I'd seen no reason to conform to Rampart Concern's dress code during my stint as Chief Legal Officer, since I rarely left the tower. My customary work attire of ratty jeans, scuffed boots, and tired western-wear shirts had scandalized Jane Nelligan sadly, although she never said a disapproving word. Today, however, I'd donned a featherweight charcoal worsted business suit with a matching silk turtleneck, a muted aquamarine scarf, and a silver neck brooch inset with a small nugget of turquoise. The only vestige of maverickhood I'd allowed myself were a pair of well-polished, low-heel, pointy-toed, Tony Lama cowboy boots in black mokcrok, peeking out from beneath my elegantly creased trousers.
"Unbelievable," Jane murmured. "You'll certainly impress Stanislawski and Buchanan. If they recognize you at all."
"Oh, they will," I said dryly. "I can guarantee that."
I said goodbye and finished my coffee. Then I exited the ranch house through the kitchen, kissing Rosalia the cook on her cheek as I passed by.
It was a beautiful Arizona morning, clear and cool, with the sun shining over Buzzard Roost Mesa and warblers singing their hearts out among the ponderosa pines. I heard the faint whinny of a horse from over by the stock barns. Maybe it was Billy, saying hasta la vista.
Empty saddles in the old corral.
Carrying a briefcase full of executive paraphernalia, I trudged down the manicured gravel path to the hopper pad, where my Garrison-Laguna hoppercraft waited. No pilot. I almost always do my own driving.

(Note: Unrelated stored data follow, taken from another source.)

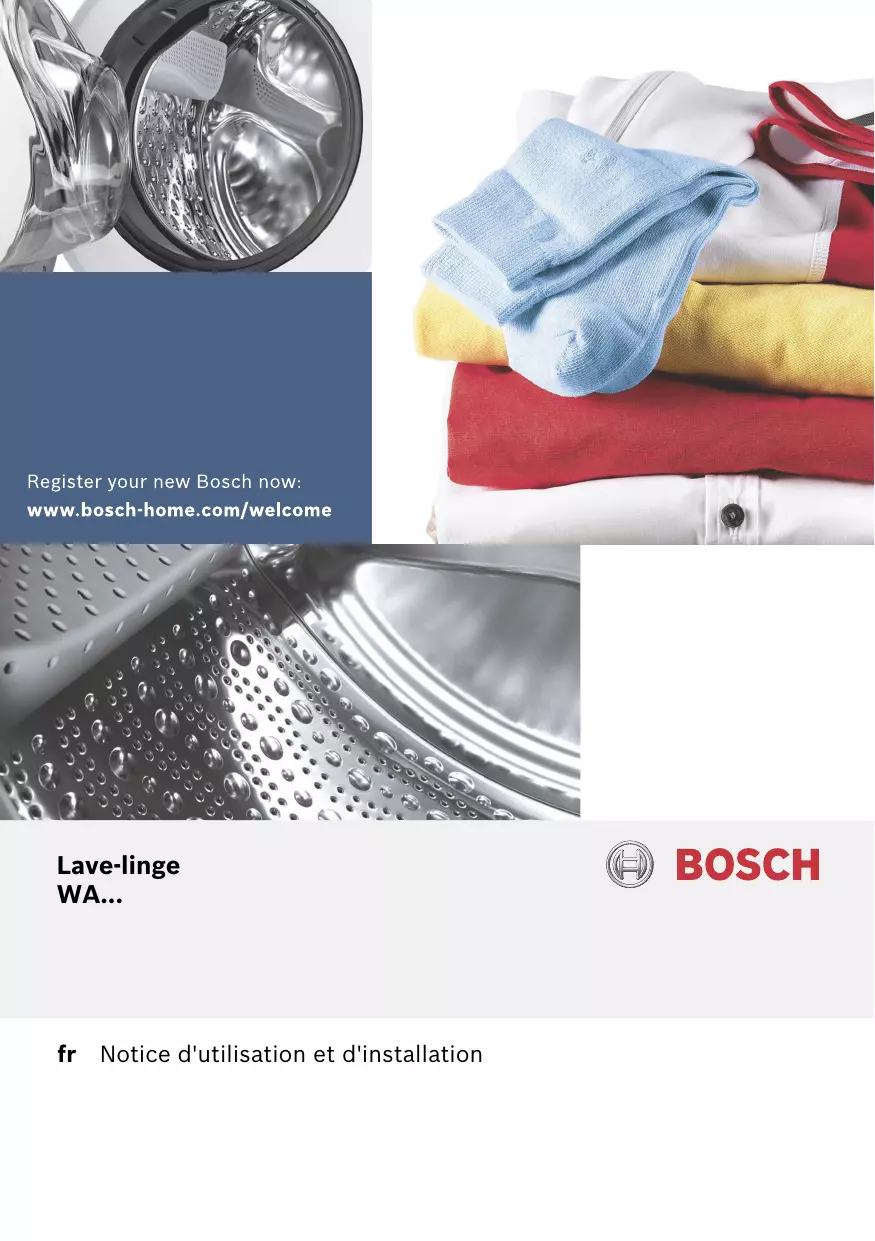 Notice d'utilisation et d'installation Votre nouveau lave-linge Règles de présentation Vous avez opté pour un lave-linge de marque Bosch. : Avertissement ! Prenez quelques minutes pour consulter cette documentation et découvrir les avantages de votre lave-linge. Conformément à la politique de qualité de la marque Bosch, nous soumettons chaque lave-linge qui quitte notre usine à des contrôles minutieux afin de garantir son bon état et son bon fonctionnement. Pour plus d'informations sur nos produits, nos accessoires, nos pièces de rechange et nos services, consultez notre site Internet www.boschhome.com ou adressez-vous à nos centres de service après-vente. Si la notice d'installation et d'utilisation porte sur différents modèles, les différences sont indiquées là où cela est nécessaire. L'association de ce symbole et de ce mot indique une situation potentiellement dangereuse. En cas de non-observation, risques de blessures voire de mort. Attention ! Ce mot indique une situation potentiellement dangereuse. En cas de non-observation, risques de dégâts matériels et/ou d'atteinte à l'environnement. Remarque/astuce Indications permettant d'utiliser l'appareil au mieux et autres informations utiles.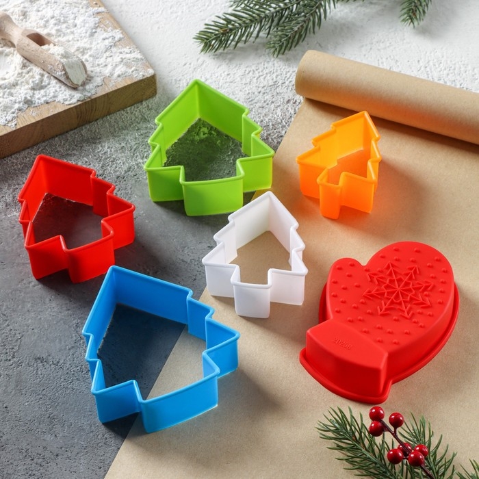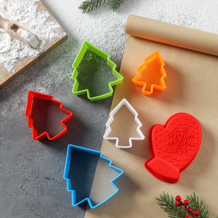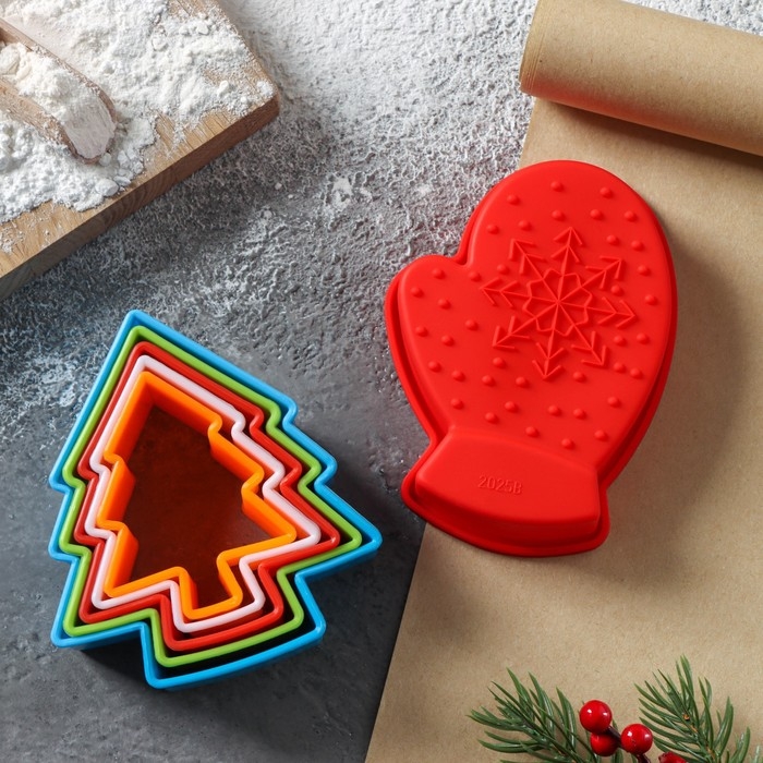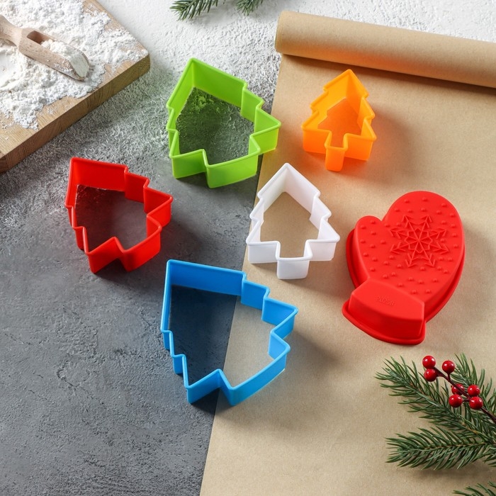 Набор для выпечки новогодний Доляна «Новогодняя», 6 предметов: форма для выпечки, набор форм для вырезания печенья 5 шт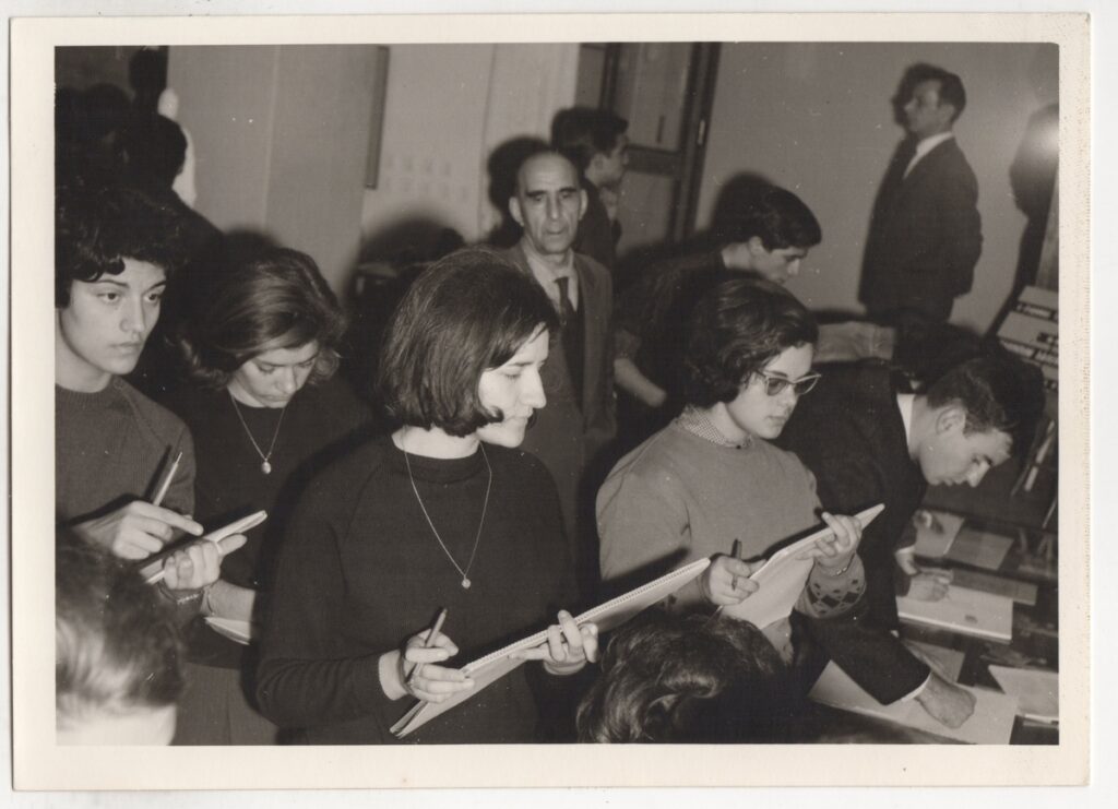 Φωτογραφία, α/μ, φωτογραφικό χαρτί, 13×18 εκ., με εικονιζόμενο τον Τάκη Μάρθα ανάμεσα σε άλλα πρόσωπα. Φέρει επιγραφές.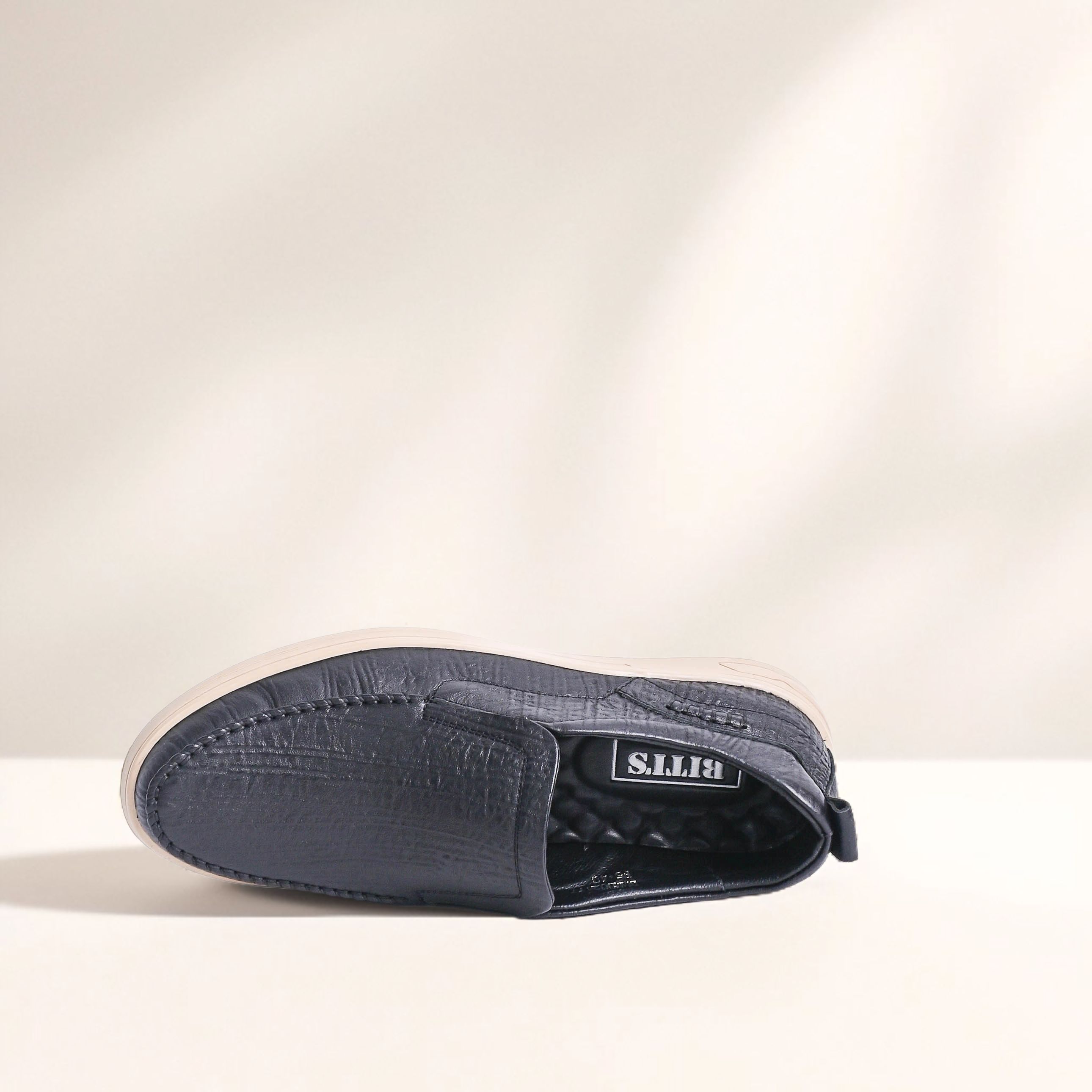 Thiết kế: • Kiểu dáng giày lười hiện đại, dễ mang – dễ phối đồ • Tông màu đen sang trọng, phù hợp cả đi làm lẫn đi chơi • Đường chỉ may tinh tế, viền mũi chắc chắn – tăng độ bền và tạo điểm nhấn thủ công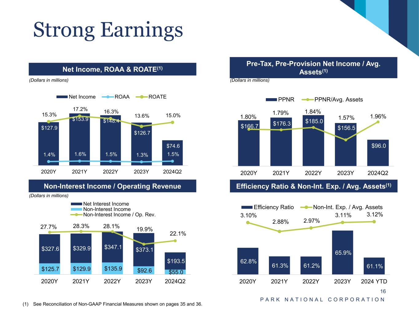 Steady Balance Sheet Growth P A R K N A T I O N A L C O R P O R A T I O N 15 Total Assets Total Loans (excluding PPP) (1) Total Deposits (2) Total Shareholders’ Equity (Dollars in millions) (Dollars in millions) (Dollars in millions) (Dollars in millions) (1) Excludes PPP loans of $1MM, $2MM, $4MM, $74MM and $332MM at end of 2024Q2, 2023Y, 2022Y, 2021Y and 2020Y, respectively. (2) Excludes off balance sheet deposits of $0MM, $1MM, $196MM, $983MM, and $710MM at end of 2024Q2, 2023Y, 2022Y, 2021Y and 2020Y, respectively. $9,279 $9,560 $9,855 $9,837 $9,920 2020Y 2021Y 2022Y 2023Y 2024Q2 $6,846 $6,797 $7,138 $7,474 $7,663 2020Y 2021Y 2022Y 2023Y 2024Q2 $7,572 $7,905 $8,235 $8,043 $8,313 2020Y 2021Y 2022Y 2023Y 2024Q2 $1,040 $1,111 $1,069 $1,145 $1,183 2020Y 2021Y 2022Y 2023Y 2024Q2

It's a control thing.
Control.
I'd fallen asleep last night brooding about it, and when I woke my mind was firmly made up. It wasn't going to take me months to decide on my future-assuming I had any when my Haluk excursion was over. I knew for certain that I'd never again relinquish control of my life to any person or any institution. Not to Rampart Amalgamated Concern. Not to the Reversionist Party.
The head seat at Rampart's boardroom table had never been a viable career choice for me. It was true that I'd be in a powerful position to advance Reversionist ideals if I became Rampart's chairman. Setting the agenda and having a tie-breaking vote on the board could significantly affect company policy. But the personal independence that had always been so important to me would be lost if I took Simon's place. I'd be fenced in by constant decision-making, forced to weigh every action and utterance because it could influence the lives and fortunes of billions of people, poisoned by creeping expediency, morphing inevitably into the kind of corporate drone I professed to despise.
I couldn't do it. My skills were adversarial, not executive. I'd been a competent cop, a cunning legal strategist, and a damned fine vigilante. But I was no organization man. No way, no how.
Serious politics wasn't an option, either. It was one thing to play grandstanding left- wing firebrand as I'd done two years earlier, trumpeting radical ideas without taking responsibility for their implementation, happily twisting establishment tails while the tabloid media egged me on: Asahel Frost-another rich man with a big mouth and a bee in his bonnet, convinced he has the answers to the galaxy's ills!
I still thought my answers were good ones. However, serving as the sole Assembly Delegate of a fledgling splinter party was simply not a practical course of action. Why, I'd have to learn tact and diplomacy. Legislative horsetrading. The art of graceful compromise.